If you encounter a purple diagnostic screen that does not contain either of the bolded messages above, see Interpreting an ESX host purple diagnostic screen (1004250) to determine the type of exception condition encountered.
If you have encountered an Invalid Opcode message but have not experienced a purple diagnostic screen, see Understanding Invalid Opcode messages (1003278).

Symptoms:

The purple diagnostic screen contains one of these messages, depending on the product version that you are using:

VMware ESX 4.0, VMware ESX 4.1

VMware ESX [Releasebuild-164009 X86_64] #UD Exception(6) in world 4234:hxge @ 0x418001086455 frame=0x4100c0457db8 ip=0x418001086455 cr2=0x0 cr3=0x7f59a000 err=6 rflags=0x10202 cr4=0x16c rax=0x6c rbx=0xb2 rcx=0xc0457ca3 rdx=0x6c rbp=0x4100c0457ec0 rsi=0x4100c0457d30 rdi=0x0 r8=0x10 r9=0x4100c0457d50 r10=0x0 r11=0x0 r12=0x4100b6005570 r13=0x0 r14=0xffff r15=0x2964a5 0:4096/console 1:4097/idle1 2:4098/idle2 3:4099/idle3 *4:4234/hxge 5:4101/idle5 6:4102/idle6 7:4103/idle7 8:4104/idle8 9:4105/idle9 10:4106/idle10 11:4107/idle11 12:4108/idle12 13:4109/idle13 14:4110/idle14 15:4111/idle15 @BlueScreen: #UD Exception(6) in world 4234:hxge @ 0x418001086455 Code starts at 0x418000c00000 0x4100c0457ec0:[0x418001086455]reclaim_tx_ring+0x5c stack: 0x400 0x4100c0457f60:[0x418001087f7b]reclaim_thread+0x6a stack: 0x41000000001e 0x4100c0457fa0:[0x418000fb4fc2]LinuxStartFunc+0x51 stack: 0x1e 0x4100c0457ff0:[0x418000c96cff]vmkWorldFunc+0x52 stack: 0x0 0x4100c0457ff8:[0x0]Unknown stack: 0x0 VMK uptime: 0:07:32:07.408 TSC: 68550556360975 FSbase (0x0) GSbase (0x0) kernelGSbase (0x0)

VMware ESX 3.5

VMware ESX Server [Releasebuild-163429] Exception type 6 in world 1047:helper1-2 @ 0x8b35a9 frame=0x3a5fe24 ip=0x8b35a9 cr2=0x0 cr3=0x3f6a3000 cr4=0x16c es=0x674028 ds=0x2854028 fs=0x2884028 gs=0x4028 eax=0x0 ebx=0x2255100 ecx=0x41502000 edx=0x0 ebp=0x3d641078 esi=0x3d6011f4 edi=0x3d6011e8 err=0 eflags=0x10246 0:1024/console 1:1025/idle1 2:1026/idle2 *3:1047/helper1-2 4:1028/idle4 5:1029/idle5 6:1030/idle6 7:1031/idle7 8:1032/idle8 9:1033/idle9 10:1034/idle10 11:1035/idle11 12:1036/idle12 13:1037/idle13 14:1038/idle14 15:1039/idle15 @BlueScreen: Exception type 6 in world 1047:helper1-2 @ 0x8b35a9 0x3d641078:[0x8b35a9]aacraid_esx30+0x75a8 stack: 0x0, 0x0, 0x0 VMK uptime: 0:10:48:56.626 TSC: 72683955512532 0:10:46:53.446 cpu0:1047)NMI: 1625: Faulting eip:esp [0x6402a7:0x3a5fe2c] 0:10:48:53.446 cpu1:1025)Heartbeat: 470: PCPU 0 didn't have a heartbeat for 180 seconds. *may* be locked up 0:10:48:53.446 cpu0:1047)NMI: 1625: Faulting eip:esp [0x6402ab:0x3a5fe2c] Starting coredump to disk Starting coredump to disk Dumping using slot 1 of 1... using slot 1 of 1... log

Environment

VMware ESXi 4.0.x Installable
VMware ESXi 3.5.x Embedded
VMware ESX 4.1.x
VMware ESXi 4.1.x Embedded
VMware ESX Server 3.0.x
VMware ESXi 3.5.x Installable
VMware ESX Server 3.5.x
VMware ESXi 4.0.x Embedded
VMware ESXi 4.1.x Installable
VMware ESX 4.0.x

Resolution

Overview

An Operation Code (Opcode) is part of a machine language instruction that specifies an operation to be performed. An Opcode is a specific instruction, for example add, subtract, copy, or compare.
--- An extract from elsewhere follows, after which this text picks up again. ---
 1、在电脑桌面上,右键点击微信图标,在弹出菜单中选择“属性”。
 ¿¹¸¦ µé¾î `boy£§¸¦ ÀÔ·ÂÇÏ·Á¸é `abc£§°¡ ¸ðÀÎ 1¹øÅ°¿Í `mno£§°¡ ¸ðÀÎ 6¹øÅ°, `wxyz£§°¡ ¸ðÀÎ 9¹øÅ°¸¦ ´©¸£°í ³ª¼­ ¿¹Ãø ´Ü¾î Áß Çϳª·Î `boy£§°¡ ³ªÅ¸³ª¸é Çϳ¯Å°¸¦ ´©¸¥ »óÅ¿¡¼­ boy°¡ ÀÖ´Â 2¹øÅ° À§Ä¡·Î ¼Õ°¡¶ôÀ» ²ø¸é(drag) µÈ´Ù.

The specification and format of an Opcode is specified in the instruction set architecture of the processor (CPU) or in a component of the processor.
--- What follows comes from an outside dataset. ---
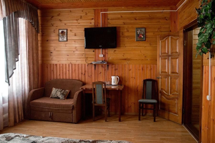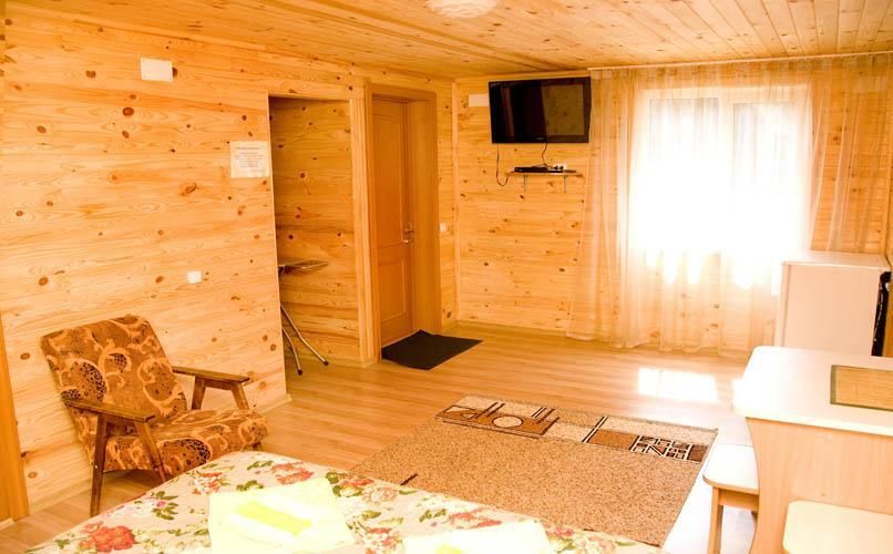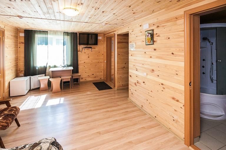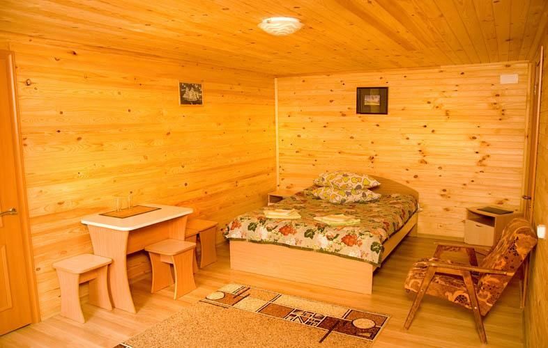 Для размещения предлагаются: благоустроенный корпус с номерами класса «Люкс», 2-этажный деревянный корпус с номерами «Люкс» и «Полулюкс», 10 утепленных бревенчатых домиков с открытой верандой.

Another part of the machine language instruction is the Operand, which specifies the data that needs to be manipulated.

For example, an instruction for a CPU can be written to add (the opcode) a number (an operand) and another number (another operand) together.

There are other elements required for a complete instruction, however, such as CPU registers and memory addresses. Details on additional elements fall outside the scope of this article.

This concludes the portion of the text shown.